Identification and characterization of GmMYB118 responses to drought and salt stress.

机构信息

Institute of Crop Sciences, Chinese Academy of Agricultural Sciences (CAAS)/National Key Facility for Crop Gene Resources and Genetic Improvement, Key Laboratory of Biology and Genetic Improvement of Triticeae Crops, Ministry of Agriculture, Beijing, 100081, China.

Beijing Advanced Innovation Center for Food Nutrition and Human Health/Beijing Key Lab of Plant Resource Research and Development, Beijing Technology and Business University, Beijing, 100048, China.

出版信息

BMC Plant Biol. 2018 Dec 3;18(1):320. doi: 10.1186/s12870-018-1551-7.
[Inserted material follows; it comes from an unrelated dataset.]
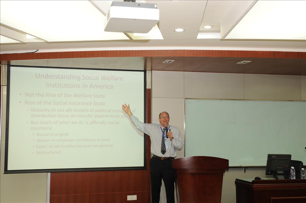 本次研讨会邀请了7位知名的专家作为特邀嘉宾带来精彩的主旨演讲,并参加分会场讨论,点评论文。在题为“Fiscal Federalism and Legislative Mal-apportionment: Causal Evidence from Independent but Related Natural Experiments”的演讲中,马里兰大学教授Sebastian Galiani以阿根廷为例,对联邦制度下的税收分配与议席分配二者之间的关系进行讨论。圣克拉拉大学教授David Friedman(诺贝尔经济学得主Milton Friedman之子)作题为“Feud as Law Enforcement”演讲,深入探讨私人解决世仇的方法作为现代法律制度逻辑起源的问题。亚利桑那大学教授Price Fishback在题为“The Rise of the Social Insurance State”的演讲中,阐明并分析美国的福利转移与社会保险的发展,并就美国社会福利基金的基本情况同北欧国家进行对比。来自马里兰大学的 John Wallis教授则以“Leviathan Denied: Rules, Governments, and Social Dynamics”为主题,探讨了建立和实施客观规则的重要性。拜罗伊特大学教授Hartmut Egger在题为“Offshoring Domestic Jobs”的主旨演讲中,分析了离岸外包对国内就业的影响效果。来自马里兰大学 的Peter Murrel教授在题为“Institutional and Cultural Determinants of Institutional and Cultural Development: Complementary Insights from Evolutionary Socioeconomic Theory and English History”的报告中,详细分析政治经济体系管理和协调中的制度和文化因素。来自世界银行的徐立新教授在题为“Local Information and the Decentralization of State-Owned Enterprises in China: Hayek is Right”的演讲中,以1998?2007年我国国有企业改变隶属关系为例,测试了哈耶克的关于市场机制对获取本地信息的重要性。

DOI:10.1186/s12870-018-1551-7
PMID:30509166
原文链接:https://pmc.ncbi.nlm.nih.gov/articles/PMC6276260/
Abstract

BACKGROUND

Abiotic stress severely influences plant growth and development. MYB transcription factors (TFs), which compose one of the largest TF families, play an important role in abiotic stress responses.

RESULT

We identified 139 soybean MYB-related genes; these genes were divided into six groups based on their conserved domain and were distributed among 20 chromosomes (Chrs). Quantitative real-time PCR (qRT-PCR) indicated that GmMYB118 highly responsive to drought, salt and high temperature stress; thus, this gene was selected for further analysis. Subcellular localization revealed that the GmMYB118 protein located in the nucleus. Ectopic expression (EX) of GmMYB118 increased tolerance to drought and salt stress and regulated the expression of several stress-associated genes in transgenic Arabidopsis plants. Similarly, GmMYB118-overexpressing (OE) soybean plants generated via Agrobacterium rhizogenes (A. rhizogenes)-mediated transformation of the hairy roots showed improved drought and salt tolerance. Furthermore, compared with the control (CK) plants, the clustered, regularly interspaced, short palindromic repeat (CRISPR)-transformed plants exhibited reduced drought and salt tolerance. The contents of proline and chlorophyll in the OE plants were significantly greater than those in the CK plants, whose contents were greater than those in the CRISPR plants under drought and salt stress conditions. In contrast, the reactive oxygen species (ROS) and malondialdehyde (MDA) contents were significantly lower in the OE plants than in the CK plants, whose contents were lower than those in the CRISPR plants under stress conditions.

CONCLUSIONS

These results indicated that GmMYB118 could improve tolerance to drought and salt stress by promoting expression of stress-associated genes and regulating osmotic and oxidizing substances to maintain cell homeostasis.

摘要

背景

非生物胁迫严重影响植物的生长和发育。MYB 转录因子(TFs)作为最大的 TF 家族之一,在非生物胁迫响应中发挥重要作用。

结果

我们鉴定了 139 个大豆 MYB 相关基因;这些基因根据其保守结构域分为 6 组,并分布在 20 条染色体(Chrs)上。定量实时 PCR(qRT-PCR)表明,GmMYB118 对干旱、盐和高温胁迫高度响应;因此,选择该基因进行进一步分析。亚细胞定位表明 GmMYB118 蛋白位于细胞核内。GmMYB118 的异位表达(EX)增加了对干旱和盐胁迫的耐受性,并调节了转基因拟南芥植物中几种与胁迫相关基因的表达。同样,通过发根农杆菌(A. rhizogenes)介导的毛状根转化过表达(OE)大豆植物表现出提高的耐旱性和耐盐性。此外,与对照(CK)植物相比,经成簇规律间隔短回文重复(CRISPR)转化的植物耐旱性和耐盐性降低。干旱和盐胁迫条件下,OE 植物中的脯氨酸和叶绿素含量明显高于 CK 植物,而 CK 植物中的含量高于 CRISPR 植物。相比之下,OE 植物中的活性氧(ROS)和丙二醛(MDA)含量在胁迫条件下明显低于 CK 植物,而 CK 植物中的含量低于 CRISPR 植物。

结论

这些结果表明,GmMYB118 通过促进与胁迫相关基因的表达和调节渗透和氧化物质来维持细胞内稳态,从而提高对干旱和盐胁迫的耐受性。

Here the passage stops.